She pulled out her handheld and stared ostensibly at the screen while straining in her peripheral vision to detect movement. There was no one here to perform to, no reason her persona would have been here in the first place. How long would downloading the specs take? If they were caught, would the Elders reseat her implant or would they execute her?
Which should she hope they’d do?
Minutes stretched on, boredom making steady gains on panic. When she finally let her attention settle onto the handheld properly, footsteps made her jump. Valor. The worst possible person, of course.
“Were you waiting for me?” Valor asked as he slowed, came even with her. He smiled pleasantly, ran a hand through his gray hair, very much someone’s mild father as he occasionally felt like portraying.

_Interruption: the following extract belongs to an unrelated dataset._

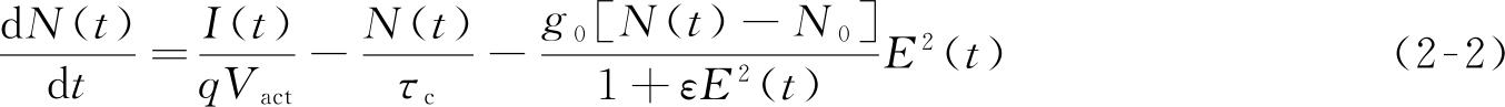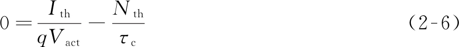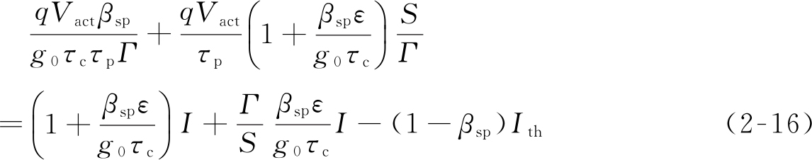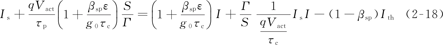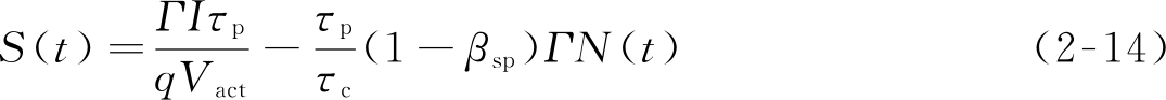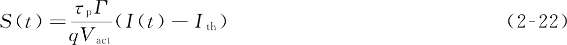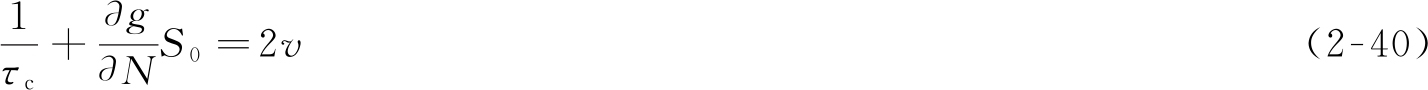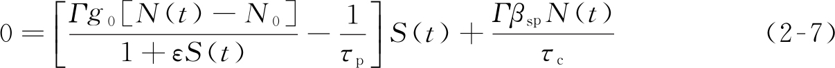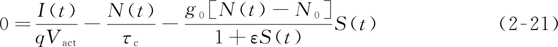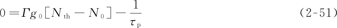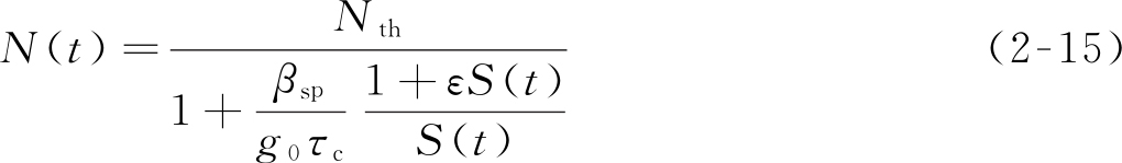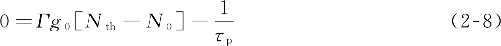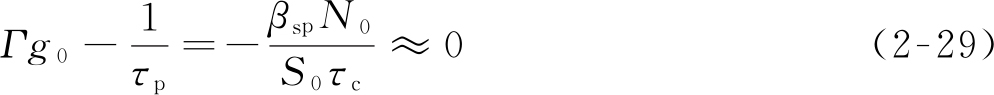 由于半导体激光器在阈值电流时, β sp 和( β sp ε )/( g 0 τ c )远远小于1,因此式(2-18)可以化简为

Regan supposed she better have been waiting for him. That was a performance she could see all the way to the end, and she launched into it even as the core of her real self slowly died inside her. She planted herself firmly in front of the door so it would be blocked from opening. “I hoped I could talk to you—what you said about me being wasted on regular surgeries. What’s the next step? Would you be able to…” Say it. They were just words. “Teach me?”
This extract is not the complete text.